Required action: Copy the lines of the data below exactly, starting at the first and stopping after the line that contains "スタッフそれぞれが袋の中にプ"; include no pictures.

Records provided below:

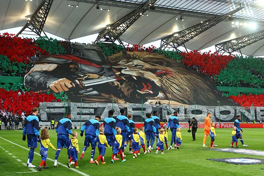 MF森下龍矢が所属するポーランド1部レギア・ワルシャワは現地時間4月10日にUEFAヨーロッパカンファレンスリーグ(ECL)の準々決勝第1戦でイングランド1部の強豪チェルシーと激突した。ホームで0-3と完敗を喫したなか、試合前にスタンドに掲げられた迫力満点のコレオグラフィーが話題となっている。
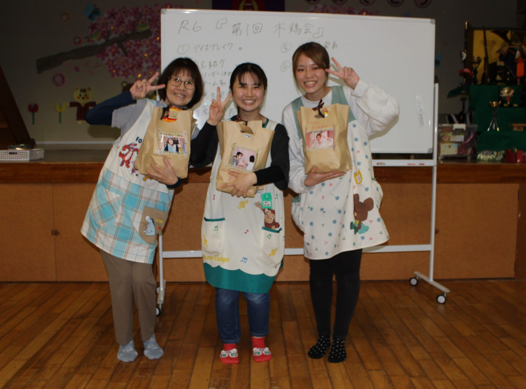 スタッフそれぞれが袋の中にプチ・プレゼントを入れて、誕生月の先生たちに渡しました。
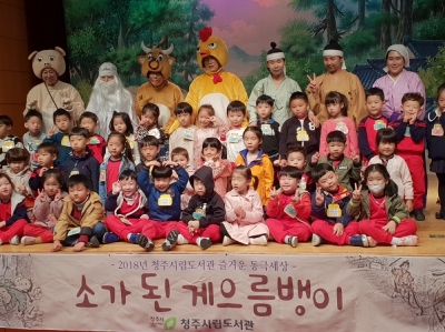 [충청뉴스큐] 청주시립도서관은 지난 9월 12일부터 시작한 하반기 동극 ‘소가 된 게으름뱅이’공연을 성황리에 마쳤다. 이번공연은 6회의 단체관람과 2회의 개인관람으로 운영되어, 지역 내 어린이집 어린이들과 지역주민들 1,200명이 관람할 정도로 큰 인기를 얻었다.
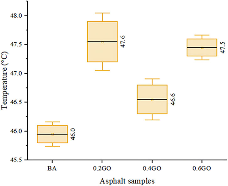 Figure 7 shows the softening point results for the asphalt samples. An irregular trend is observed, with softening point values generally increasing as GO concentration rises. This observation is consistent with previous findings in the literature (Wu et al., 2022; Zeng et al., 2017), although other studies have reported more linear trends in the increase of softening point with rising GO content (Jiang et al., 2022; Qian et al., 2022; Zeng et al., 2020; Zhang et al., 2022). When compared to the mean softening point of the BA sample, the incorporation of 0.2%, 0.4%, and 0.6% GO led to increases of 3.48%, 1.30%, and 3.26%, respectively. Interestingly, the highest softening point was recorded for the 0.2GO sample. It is important to note that this sample also exhibited considerable variance, which overlapped substantially with the results for the 0.6GO sample—an effect likely influenced by the inherent variability of the test method used.
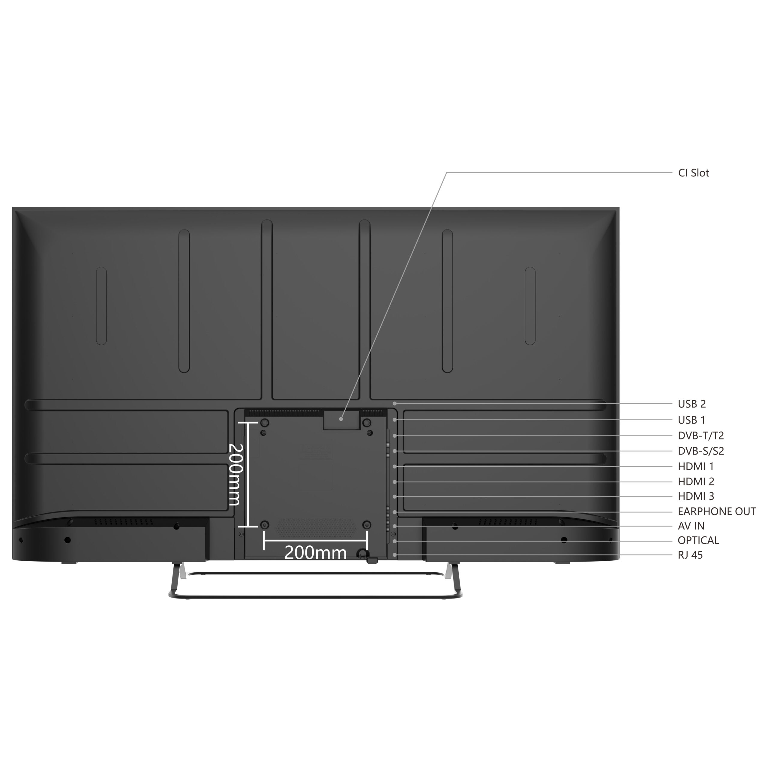 • Connectivity: 2 USB ports, 3 HDMI 2.0 ports, Ethernet, WiFi, Bluetooth, CI+, 1 Optical Port
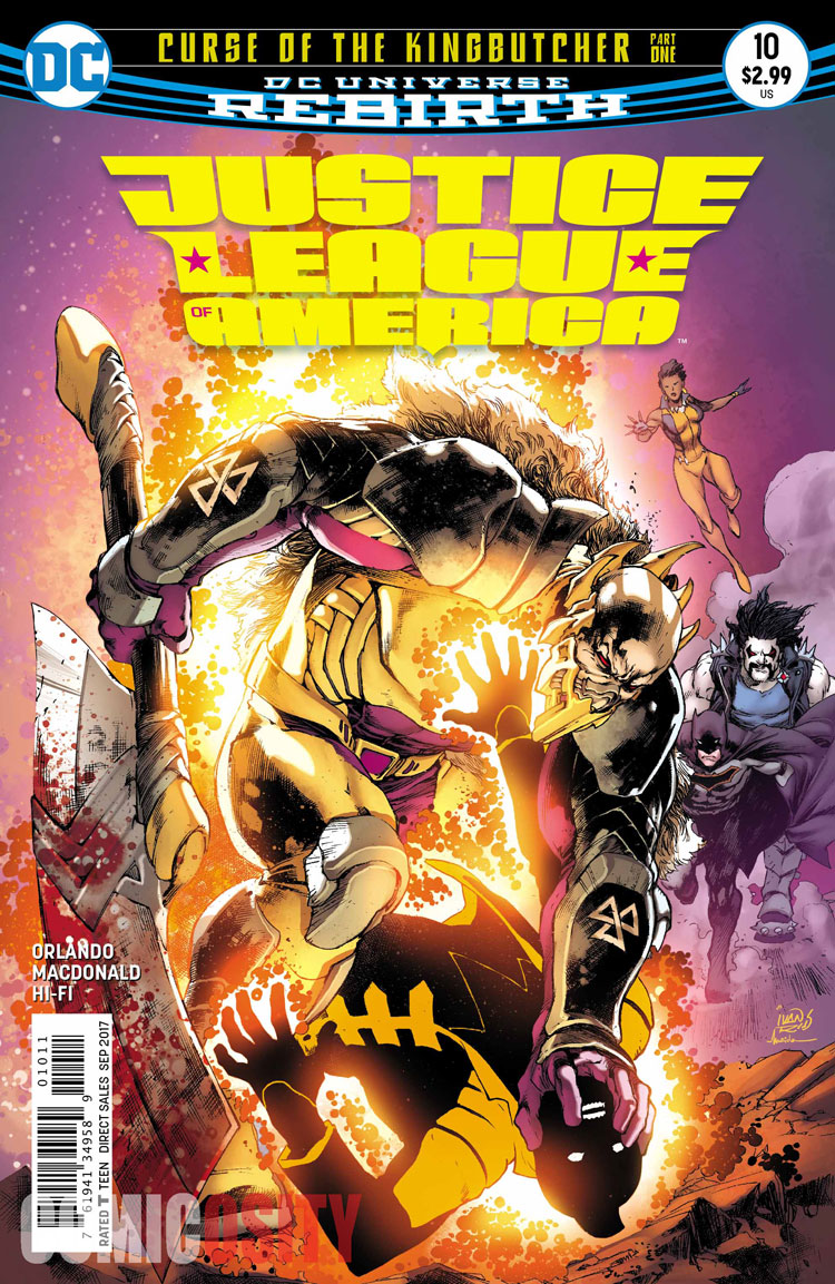 “CURSE OF THE KINGBUTCHER” part two! The JLA face off against the Lord of Order called Kingbutcher! In a battle that forces Ray Terrill to confront his own dark past in full view of his new teammates, the heroes struggle with the question of returning reality to its proper state or allowing the people of Vanity — including Ray’s estranged mother — to fulfill their fondest desires.
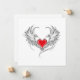 Coeur rouge peint de façon artistique avec ailes d'ange gris, décoré de contour lisse noir.
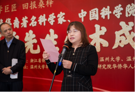 研讨会第一阶段为钱煦院士学术成就展开幕式,浙江省侨联兼职副主席、温州市侨联党组书记、主席郑宏国主持开幕式。中国华侨华人研究所副所长张秀明宣读钱煦院士贺电。
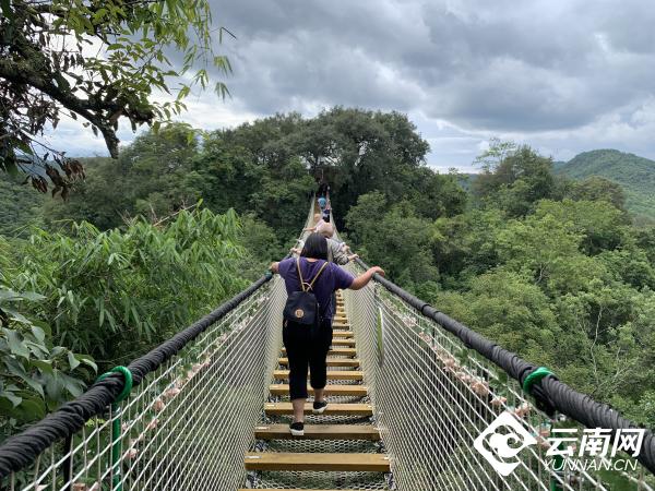 长廊依山而建,集纳了约50种石斛,拾级而上,朦胧水雾中,石斛清香沁人心脾,跳床、吊桥、露天影院、露天KTV、石斛特色餐吧、观景台……每隔一段路程就设有一个休闲游乐区域,游客来到这里,宛如遁入“仙草秘境”,除了赏美景、品美食,还可以体验旅游寻奇、访古探幽的趣味。
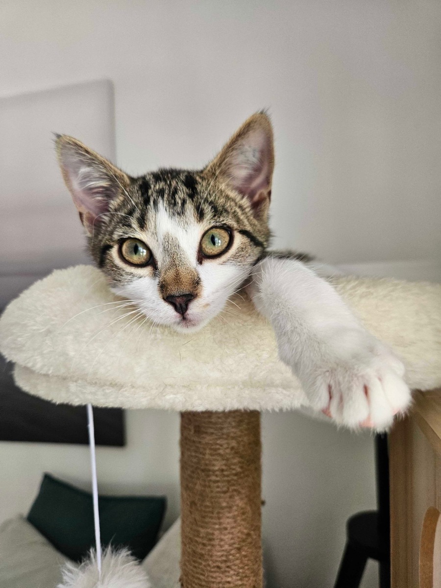 Be aware that I'm obsessed with food, so you might have to feed me away from any other pets. My foster parents once tried to put me in the cat tree to let my brother eat in peace, and I beat them back to the kitchen...

End of Records provided.

Expected answer:
 MF森下龍矢が所属するポーランド1部レギア・ワルシャワは現地時間4月10日にUEFAヨーロッパカンファレンスリーグ(ECL)の準々決勝第1戦でイングランド1部の強豪チェルシーと激突した。ホームで0-3と完敗を喫したなか、試合前にスタンドに掲げられた迫力満点のコレオグラフィーが話題となっている。
 スタッフそれぞれが袋の中にプチ・プレゼントを入れて、誕生月の先生たちに渡しました。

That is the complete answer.